Was this accident foreseeable?
Adding to the tragic irony is the fact that this disaster was, to some extent, foretold. F-7 BGI aircraft involved is a Chinese-made variant of the Soviet MiG-21. Nicknamed “Fishbed,” the MiG-21 is a notoriously poor performer when it comes to the safety of its crews and the public. During more than four decades of service in India, hundreds of MiG-21s were lost and crashed, prompting the Indian government to retire its fleet by 2025. Bangladesh continued flying a platform virtually identical to the Indian Fishbed over the heads of its citizens in its major cities, Dhaka, Chittagong, and Sylhet. Legal and moral culpability for the deaths and injuries this accident caused is already there.
Lessons beyond our borders
This decision to keep flying such a high-risk airframe was indefensible to begin with. Examples from elsewhere tragedies have happened before, and in countries other than Bangladesh. In 2008, a United States Marine Corps F/A-18 Super Hornet jet lost control and crashed into a San Diego neighborhood, killing four civilians. The US government, following a transparent public inquiry, accepted culpability and the family of the victims received $17.8 million in compensation. The Pentagon overhauled flight safety training for military jets over populous zones.
In 2023, a new MiG-21 crashed into a private home in Rajasthan state, India, killing several civilians.
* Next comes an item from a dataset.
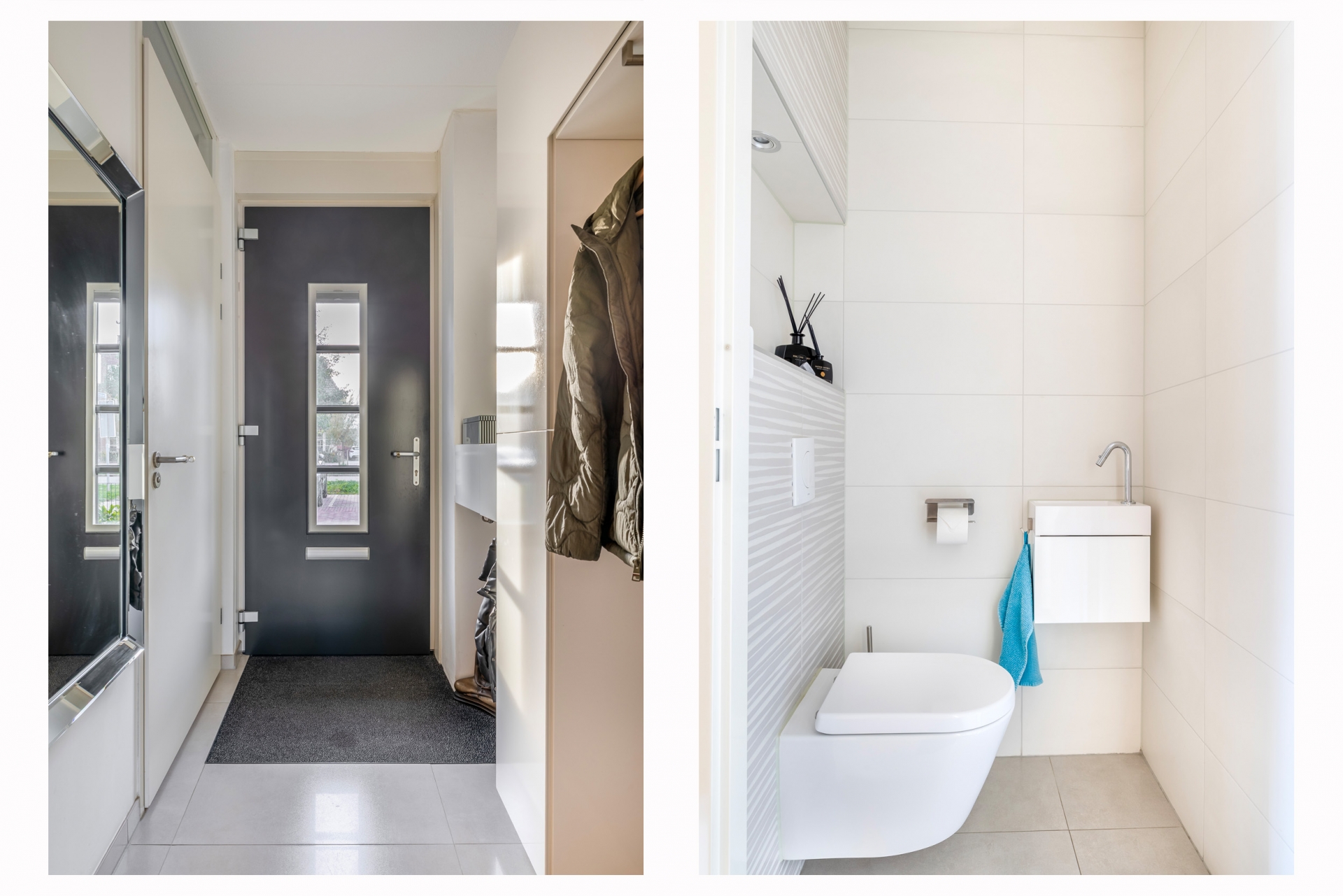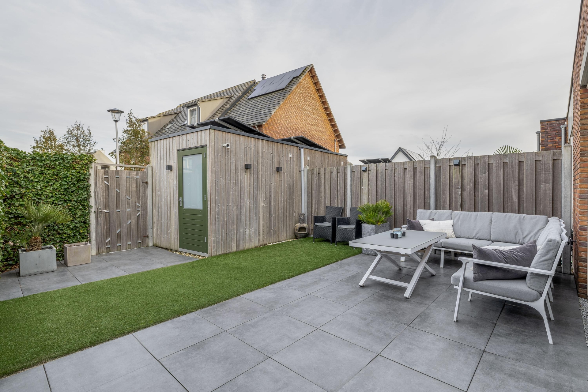 Buiten is het net zo verzorgd als binnen. De tuin ligt op het noordoosten en is volledig bestraat met moderne tegels en kunstgras, dus onderhoudsarm én strak. Door de hoekligging is de tuin extra breed en geniet je van veel privacy. Er is ruimte genoeg voor een grote loungehoek of eettafel, perfect voor zomerse avonden met familie of vrienden. De voorzijde van het huis is eveneens fraai aangelegd en grenst aan een rustige straat met voldoende parkeergelegenheid.

The Indian government accepted responsibility, announced a timeline for retiring the Russian-made fighters and also increased flight safety measures over civilian-populated areas. Public interest litigations were filed in court, demanding greater transparency and accountability.
For its part, Russia has taken the exact opposite approach. In 2022, a Russian Air Force Su-34 fighter jet crashed into a residential block in Yeysk, Russia, killing 16 people, several of them children. Victims were offered little compensation. The investigation was conducted behind closed doors, without transparency or public declaration of guilt. Bangladesh can choose which example to follow.
Urgent legal reforms
If the state is sincere in its condolences and desire to prevent future recurrence, these are the legal steps that can and should be taken without delay:
1. Codify state tort liability: A modern state liability and tort statute should be enacted without delay to allow victims of state negligence to take civil action against it.
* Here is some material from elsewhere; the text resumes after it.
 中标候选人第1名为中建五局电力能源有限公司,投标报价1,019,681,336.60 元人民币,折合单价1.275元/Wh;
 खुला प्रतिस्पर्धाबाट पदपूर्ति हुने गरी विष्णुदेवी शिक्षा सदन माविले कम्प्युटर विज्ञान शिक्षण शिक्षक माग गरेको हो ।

2. Ban low altitude military flights over cities: Legal regulations should be put in place immediately to prohibit all military training exercises in residential and urban areas.
3. Modernize the Armed Forces Act: Bangladesh Armed Forces Act, 1953 should be amended to include all of the following -- civilian redress, public reporting and declaration of culpability, and independent oversight and commission of inquiries.
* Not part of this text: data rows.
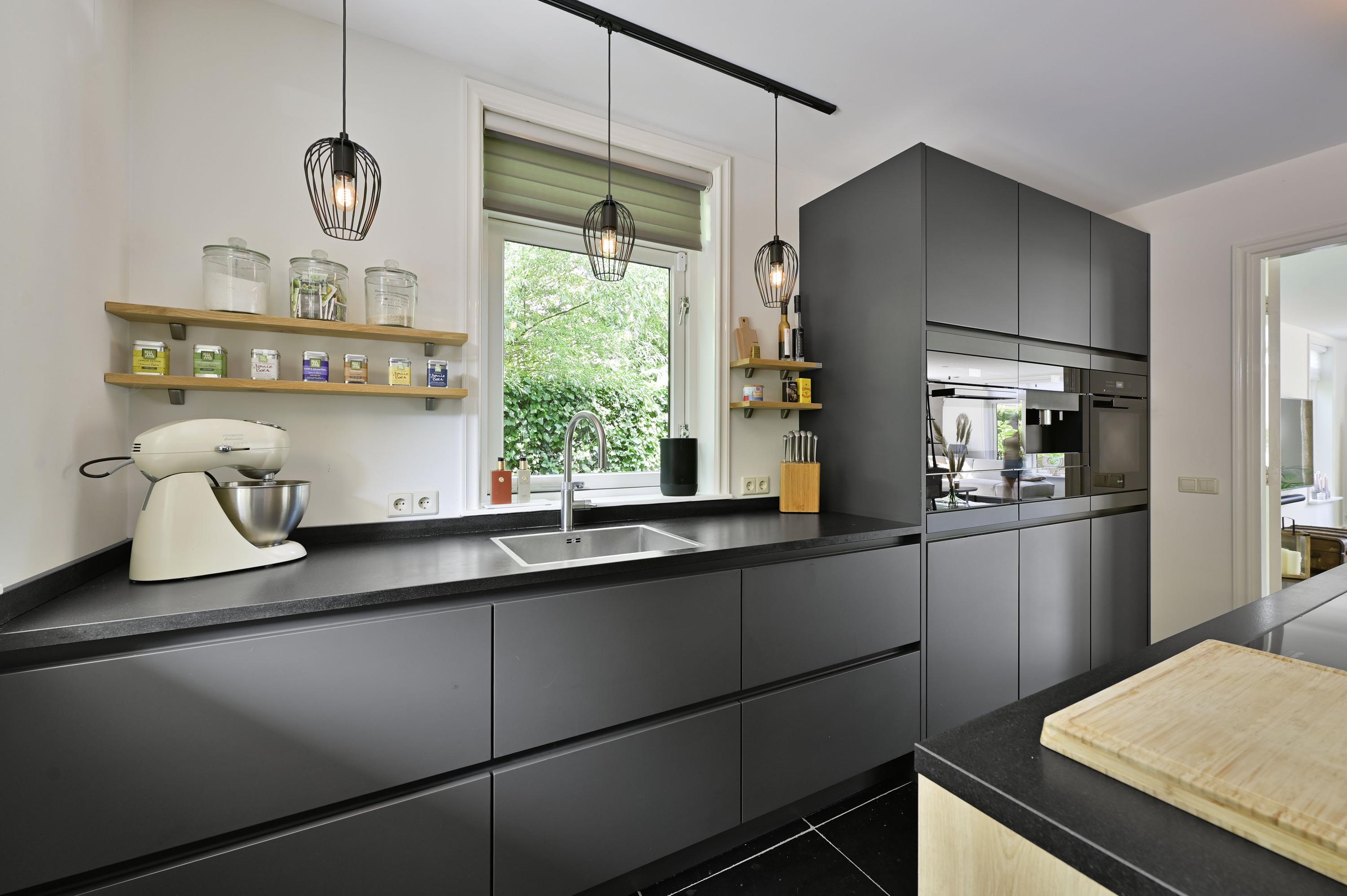 Double doors lead to the spacious kitchen-diner, designed with functionality and style in mind. A central cooking island with induction hob and integrated extractor, ample drawers, and workspace, along with an additional countertop with sink and Quooker. The adjacent tall cabinet wall houses luxurious built-in appliances, including a combination steam oven/microwave, coffee machine, large oven, sliding fridge, dishwasher, vacuum, and warming drawer. The Siematic kitchen features Miele built-in appliances from 2018. Naturally, there is also ample space for a large dining table, with French doors (fitted with insect screens) opening onto the sunny rear garden. An awning provides additional comfort.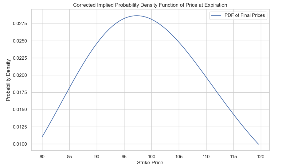 plt.title('Corrected Implied Probability Density Function of Price at Expiration')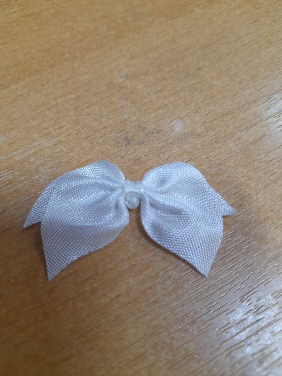 Бантик с бусинкой белый 4см.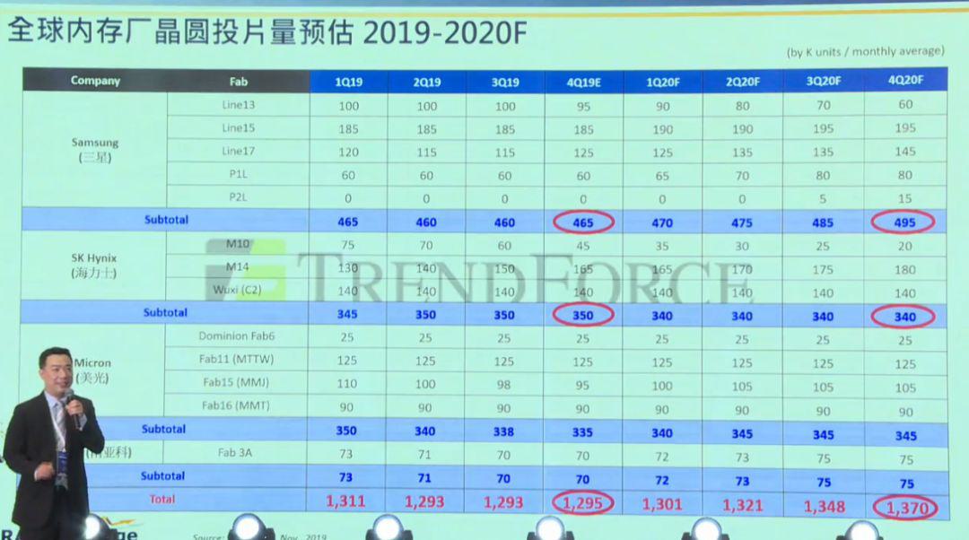 從全球內(nèi)存廠2020年產(chǎn)出量年成長(zhǎng)預(yù)估來(lái)看,2019年三星和SK海力士同比增長(zhǎng)都超過(guò)20%,明年只剩10來(lái)個(gè)點(diǎn),背后因?yàn)橘Y本支出的減少。SK海力士由于今年轉(zhuǎn)向1x nm制程,所以明年增長(zhǎng)幅度最大。(如下圖)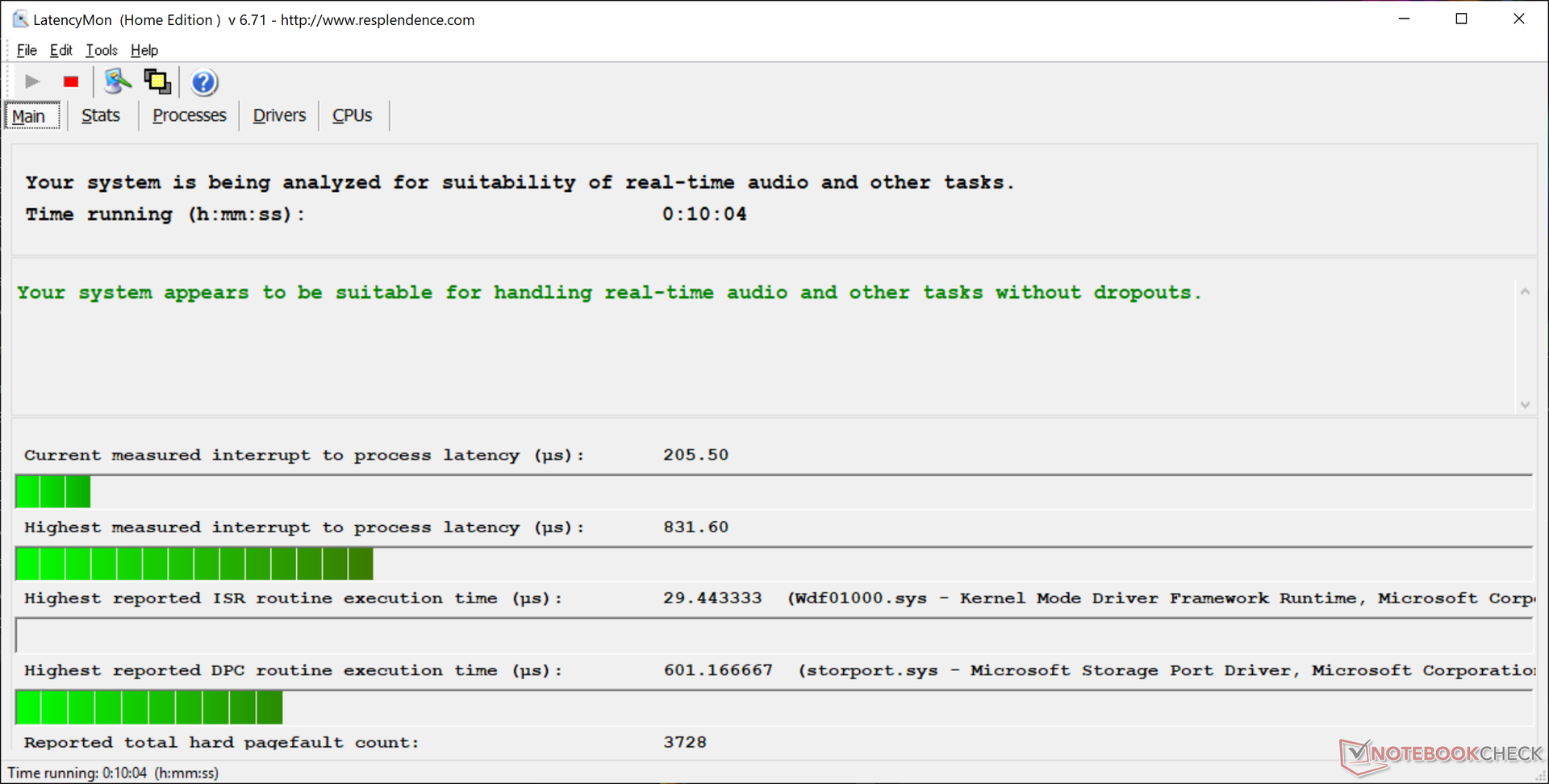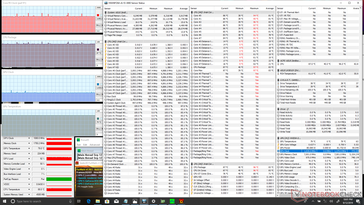 Wir lasten das System künstlich aus, um es auf potenzielles Drosseln zu prüfen. Im Standardlüftermodus Auto pendeln sich die Taktfrequenz und Kerntemperatur während Prime95 bei 2,9 GHz bzw. 76 °C ein. Im Turbo-Lüftermodus steigen diese Werte auf konstante ~3,6 GHz und 91 °C, wodurch der Laptop sowohl schneller als auch wärmer wird. Wenn man häufig Kodierungsaufgaben und andere CPU-lastige Arbeiten erledigt, empfehlen wir die Aktivierung des Turbo-Lüftermodus, um der CPU ihr maximales Potenzial zu entlocken. Beim Ausführen von The Witcher 3 oder Prime95 zusammen mit FurMark erreichen CPU und GPU jeweils 87 °C bzw. 79 °C und damit etwas höhere Temperaturen als das Razer Blade 15 und das ZenBook Pro 15 UX580 aus dem letzten Jahr.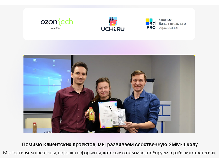 За последние годы мы работали с крупными образовательными проектами: участвовали в развитии IT-направления Ozon Tech, запускали Route256, продвигали продукты uchi.ru и привлекали студентов для EdPro. Такой опыт дал нам глубокое понимание какие инструменты действительно приводят учеников.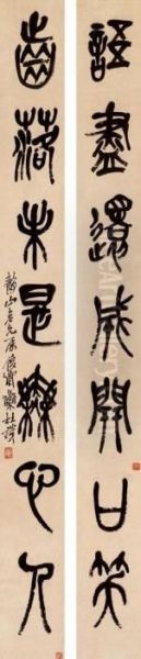 Calligraphy Couplet Oil Painting by Wu Changshuo

4. Mandate public inquiries: Independent inquiries should be automatically triggered when training exercises or operations by the armed forces result in death and injury to civilians.
5. Set up compensation tribunals: A fast-track compensation mechanism, in the form of a special tribunal, should be established to deliver justice and compensation to victims efficiently.
None of these demands are radical, extreme or unreasonable. It is the basic and minimum expectation of the rule of law from a state that places value on human life. There is no justice that will bring back the lives of the children of Milestone School. But the law can, at least, make sure that their deaths were not in vain.
Aqib Tahmid is a Lecturer in Law(On study leave) at Port City International University, Bangladesh. He is currently pursuing llm in international law at the University of Hull, UK.